[Problem statement] Retype every line of the data below, starting with the first and ending with the line that contains "Celebrate birthday for", but leave out the pictures.

Data extracted from a collection:
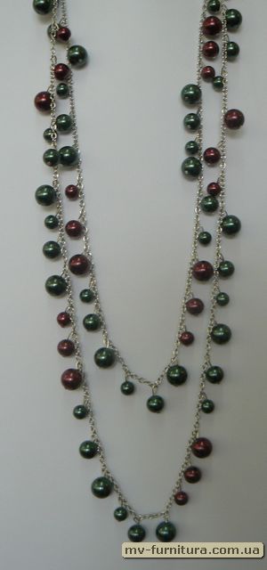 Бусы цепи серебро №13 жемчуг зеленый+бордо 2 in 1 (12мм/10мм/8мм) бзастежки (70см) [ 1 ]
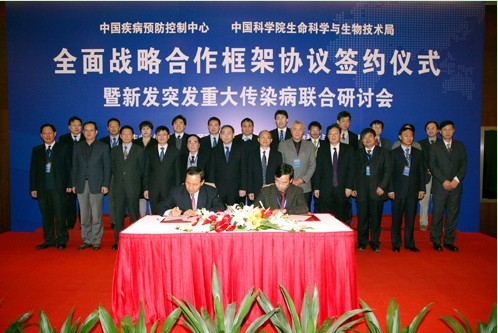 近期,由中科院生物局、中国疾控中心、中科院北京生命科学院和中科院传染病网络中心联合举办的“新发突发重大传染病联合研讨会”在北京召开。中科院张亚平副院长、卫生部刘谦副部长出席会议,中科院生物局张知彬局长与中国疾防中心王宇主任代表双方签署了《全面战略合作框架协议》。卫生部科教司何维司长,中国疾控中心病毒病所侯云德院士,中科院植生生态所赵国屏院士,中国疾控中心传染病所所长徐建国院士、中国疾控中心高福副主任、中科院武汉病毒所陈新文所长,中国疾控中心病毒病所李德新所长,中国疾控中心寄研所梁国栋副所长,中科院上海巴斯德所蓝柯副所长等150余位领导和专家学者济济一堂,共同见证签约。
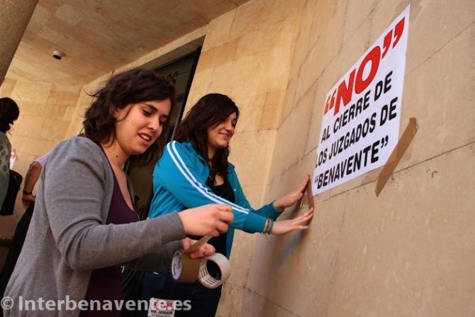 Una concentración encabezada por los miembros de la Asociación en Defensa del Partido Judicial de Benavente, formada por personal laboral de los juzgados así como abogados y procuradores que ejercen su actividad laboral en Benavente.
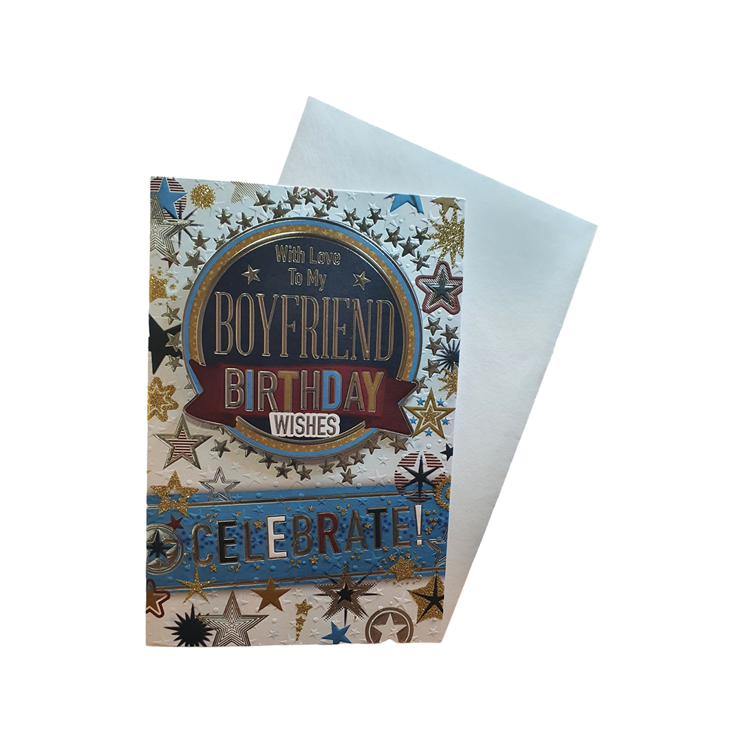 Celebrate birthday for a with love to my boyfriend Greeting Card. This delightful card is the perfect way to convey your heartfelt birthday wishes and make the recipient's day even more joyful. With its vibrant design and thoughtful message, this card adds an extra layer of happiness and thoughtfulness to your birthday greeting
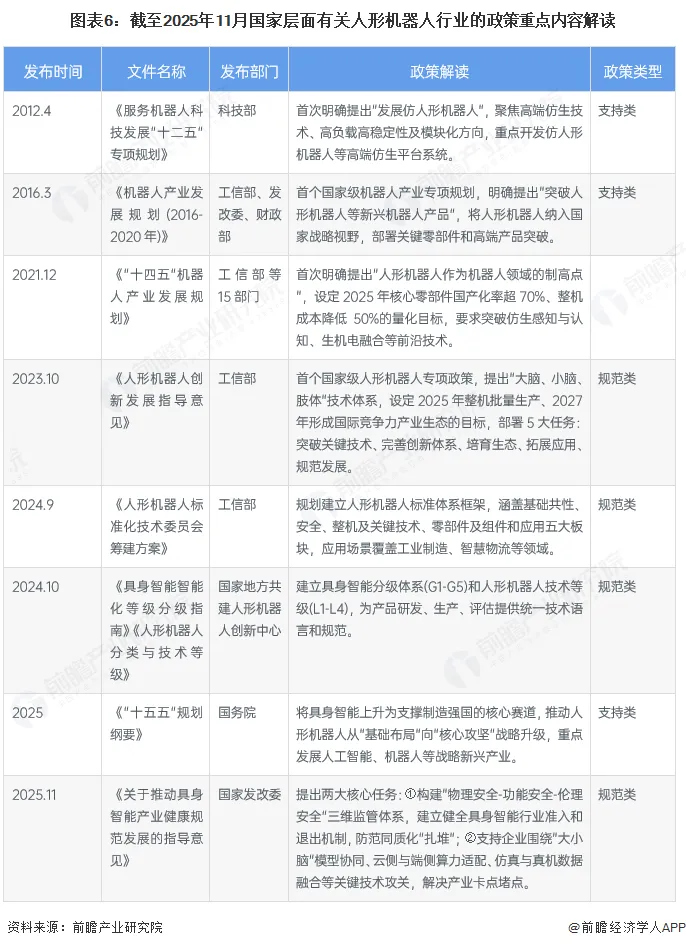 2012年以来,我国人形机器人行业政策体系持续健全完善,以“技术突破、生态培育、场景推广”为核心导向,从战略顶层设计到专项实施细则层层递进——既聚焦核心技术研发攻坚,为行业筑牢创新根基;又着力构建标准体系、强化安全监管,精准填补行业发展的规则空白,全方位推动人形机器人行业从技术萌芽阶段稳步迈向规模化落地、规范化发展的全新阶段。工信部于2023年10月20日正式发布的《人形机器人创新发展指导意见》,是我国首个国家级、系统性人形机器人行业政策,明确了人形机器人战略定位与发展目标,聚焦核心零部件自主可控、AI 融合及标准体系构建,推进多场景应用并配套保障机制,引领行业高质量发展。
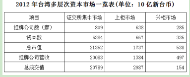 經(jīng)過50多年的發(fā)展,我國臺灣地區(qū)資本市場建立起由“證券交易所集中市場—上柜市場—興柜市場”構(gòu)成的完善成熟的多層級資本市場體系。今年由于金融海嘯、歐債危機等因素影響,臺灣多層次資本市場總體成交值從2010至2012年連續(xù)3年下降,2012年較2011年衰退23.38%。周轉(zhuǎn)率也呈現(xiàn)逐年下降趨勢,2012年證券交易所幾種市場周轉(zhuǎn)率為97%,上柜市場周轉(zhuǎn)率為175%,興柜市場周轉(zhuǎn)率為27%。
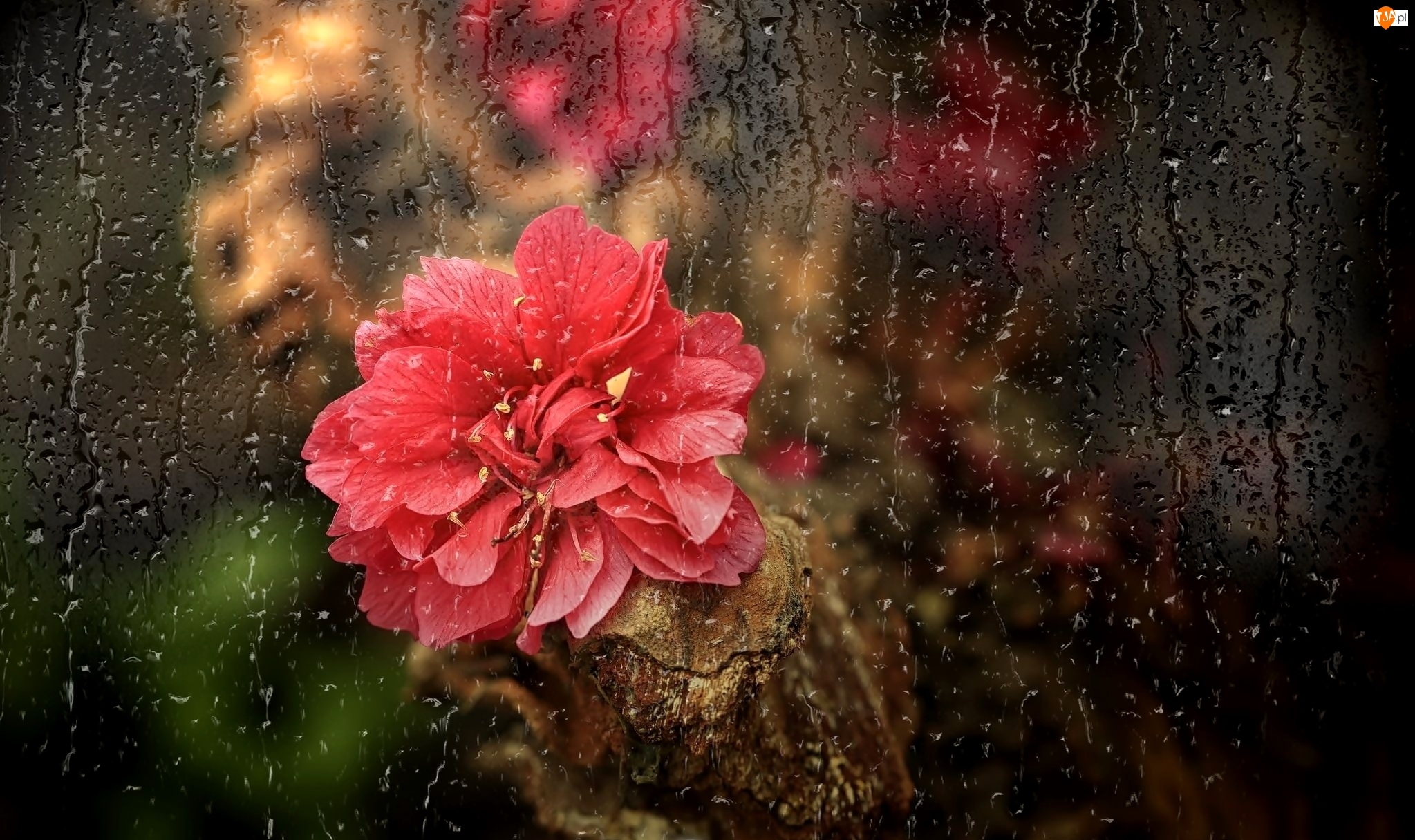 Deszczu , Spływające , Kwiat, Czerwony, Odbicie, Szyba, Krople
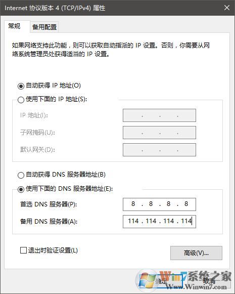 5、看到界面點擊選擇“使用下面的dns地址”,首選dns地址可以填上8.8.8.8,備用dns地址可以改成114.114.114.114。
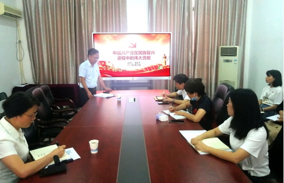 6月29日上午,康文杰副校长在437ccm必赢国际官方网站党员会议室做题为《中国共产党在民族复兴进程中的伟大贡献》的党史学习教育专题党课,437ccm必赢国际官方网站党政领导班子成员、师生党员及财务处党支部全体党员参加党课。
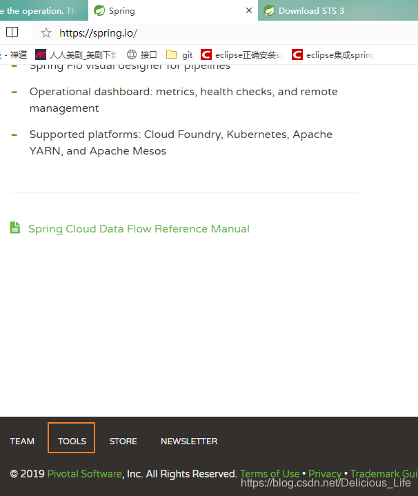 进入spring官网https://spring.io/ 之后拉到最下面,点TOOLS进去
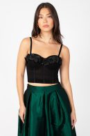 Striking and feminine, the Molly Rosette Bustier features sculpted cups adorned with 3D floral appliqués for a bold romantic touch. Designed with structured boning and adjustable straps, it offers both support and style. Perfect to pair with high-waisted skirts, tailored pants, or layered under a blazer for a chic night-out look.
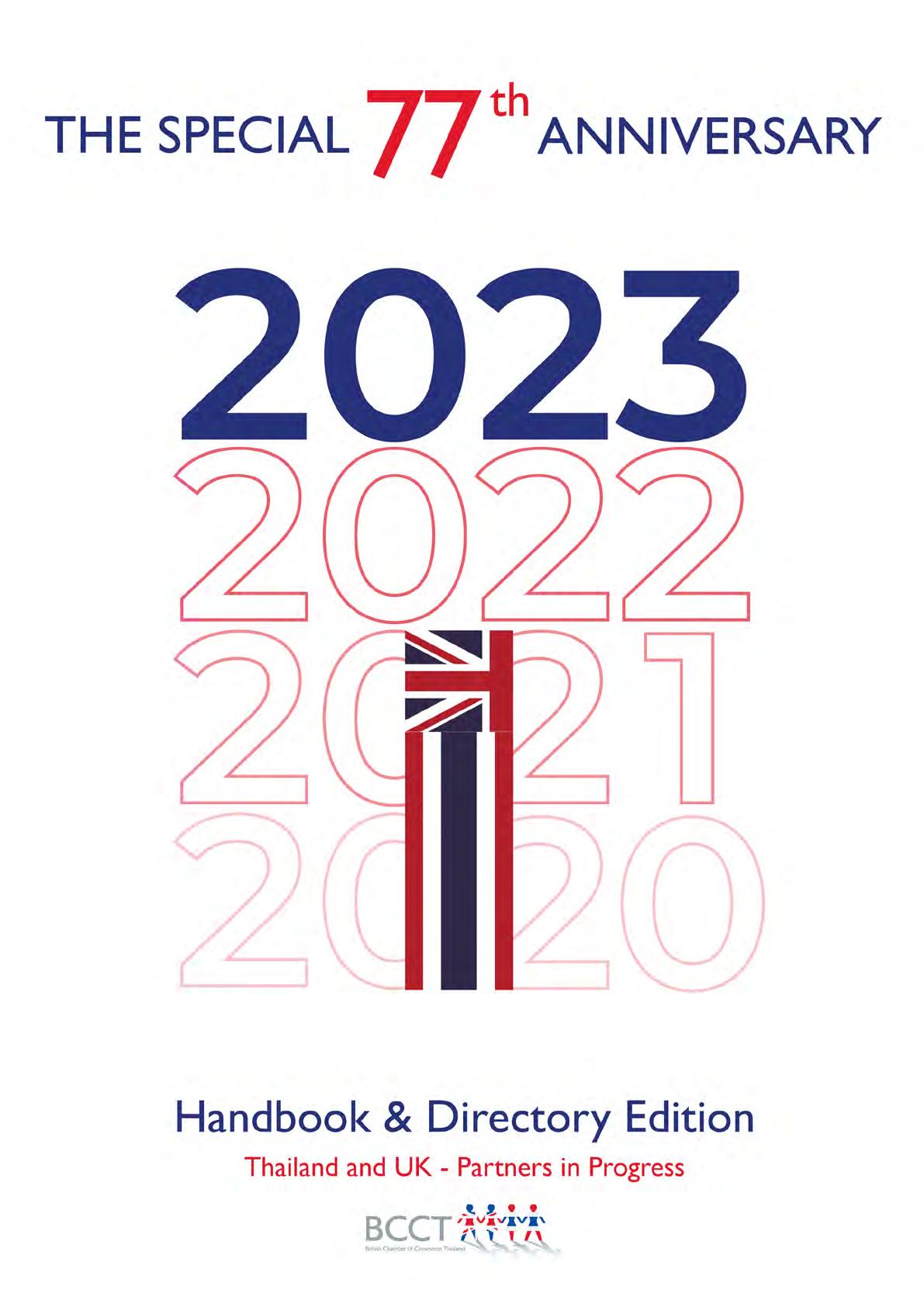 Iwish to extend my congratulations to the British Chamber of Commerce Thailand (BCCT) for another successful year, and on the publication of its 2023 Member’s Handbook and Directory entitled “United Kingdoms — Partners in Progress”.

[Final answer]
 Бусы цепи серебро №13 жемчуг зеленый+бордо 2 in 1 (12мм/10мм/8мм) бзастежки (70см) [ 1 ]
 近期,由中科院生物局、中国疾控中心、中科院北京生命科学院和中科院传染病网络中心联合举办的“新发突发重大传染病联合研讨会”在北京召开。中科院张亚平副院长、卫生部刘谦副部长出席会议,中科院生物局张知彬局长与中国疾防中心王宇主任代表双方签署了《全面战略合作框架协议》。卫生部科教司何维司长,中国疾控中心病毒病所侯云德院士,中科院植生生态所赵国屏院士,中国疾控中心传染病所所长徐建国院士、中国疾控中心高福副主任、中科院武汉病毒所陈新文所长,中国疾控中心病毒病所李德新所长,中国疾控中心寄研所梁国栋副所长,中科院上海巴斯德所蓝柯副所长等150余位领导和专家学者济济一堂,共同见证签约。
 Una concentración encabezada por los miembros de la Asociación en Defensa del Partido Judicial de Benavente, formada por personal laboral de los juzgados así como abogados y procuradores que ejercen su actividad laboral en Benavente.
 Celebrate birthday for a with love to my boyfriend Greeting Card. This delightful card is the perfect way to convey your heartfelt birthday wishes and make the recipient's day even more joyful. With its vibrant design and thoughtful message, this card adds an extra layer of happiness and thoughtfulness to your birthday greeting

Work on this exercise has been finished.